American Society of Ichthyologists and Herpetologists, Portland, OR, July 2009.

Phenotypic Plasticity or Hybridization? Meristic and genetic variation in the Australian fish species Retropinna semoni along the Murray River.

T.E. Haynie, M. Adams, P.J. Unmack, and J.B. Johnson

Previous work has shown that meristic counts in Retropinna (Osmeriformes) are lower in northern areas (warmer) than southern areas (cooler). Here we test three hypotheses along an upstream downstream gradient: 1) variation is due to phenotypic plasticity as a result of different environmental conditions during early development. If temperature is affecting meristic counts we predict there should be a gradual change from higher to lower counts as one moves downstream. 2) Previous work found evidence for hybridization in the lower portion of the Murray River in South Australia with Retropinna from coastal streams (which have higher meristic counts). We predict that upstream populations will have similar counts, but in South Australia counts will tend to be higher on average due to hybridization with southern coastal populations. 3) A third possibility is that a combination of both hypotheses may be supported, with higher counts upstream, gradually decreasing until the South Australian border, and then increasing again.

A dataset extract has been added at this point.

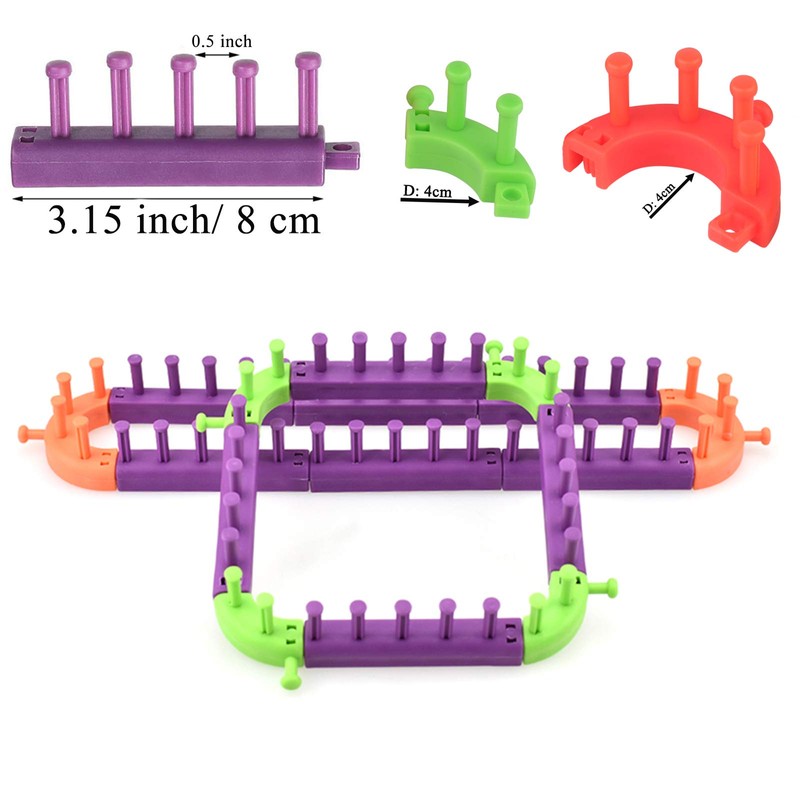 - [Various weaves with a flexible set]: the package includes 14 linear looms, 6 x bow looms part, 1 crochet hook and a large plastic needle. This adjustable loom set can assemble dozens of different looms. There are small socks for children, knitting boards for teenagers and large knitting machines. The number of knitting works depends on your imagination

Fish were sampled from eleven localities along the length of the Murray River (~2,000 km). Dorsal and anal fin ray counts and total vertebrae were obtained from x-rays from 30 fish per site. Allozyme electrophoresis was conducted on 10 individuals per population using 27 loci. A sharp change in meristic counts was found around the South Australian border. Similarly, allozyme alleles from coastal populations were present in the Murray River in South Australia. This evidence supports the hypothesis that meristic variation is a result of hybridization between resident Murray River fish and coastal populations.